# New Member - Question regarding Ovation II



## vincel (Sep 1, 2008)

Hi, I just moved into a house that has a gas fireplace in it.  The owners manual is with it and it says it's an Ovation II Direct Vent Gas WG3 Top Vent.  I do not need this and want to sell it.  I can't find anything online regarding an Ovation series fireplace.  Is there a manufacture of this that anyone knows of?   Does anyone have any thoughts on where the best place to sell something like this is?

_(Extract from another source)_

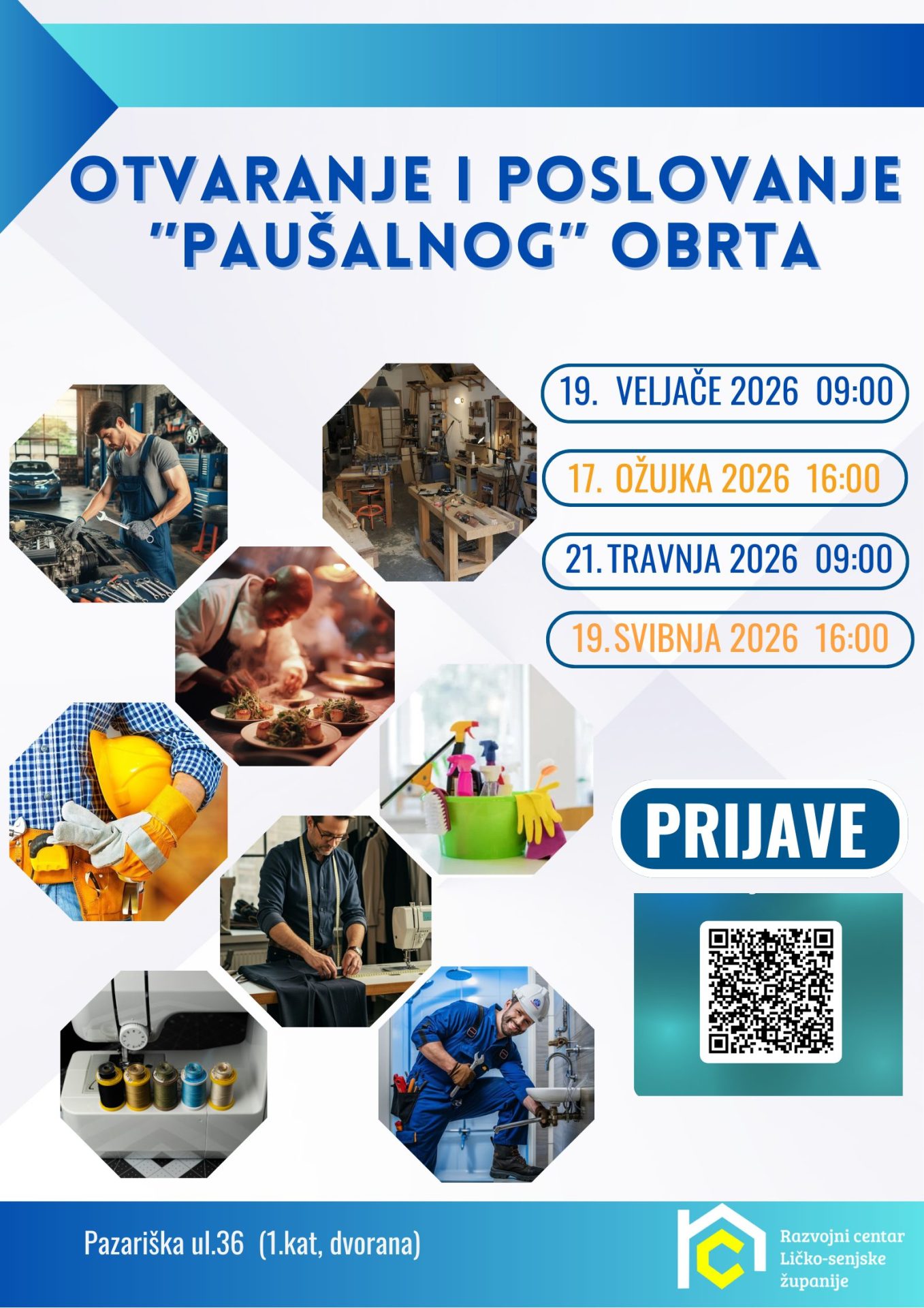 Poduzetnički inkubator Razvojnog centra Ličko-senjske županije organizira stručne radionice namijenjene svima koji razmišljaju o pokretanju paušalnog obrta, ali i postojećim obrtnicima koji žele bolje razumjeti porezne, financijske i administrativne obveze poslovanja.

Thanks for your help...Vince


----------



## coreystaf (Sep 5, 2008)

Hi Vincel
Your Ovation fireplace is WAS manufactured by Whitfield, in the days before Lennox bought them.  Its probably between 8-10 years old or so.  As long as everything is in tact, it may be a decent heater for someone, they seemed to be pretty reliable in their day.


----------



## vincel (Sep 5, 2008)

Thanks Corey....any idea where a good place to advertise it would be?


----------



## coreystaf (Sep 5, 2008)

There is a thread here for selling items, craigslist, newspaper?  You should be able to get a conversion kit to go to lp or nat, from whichever you are on currently, that may double your potential to sell it.  If I can help you locate parts, feel free to let me know, I am a Lennox retailer.


----------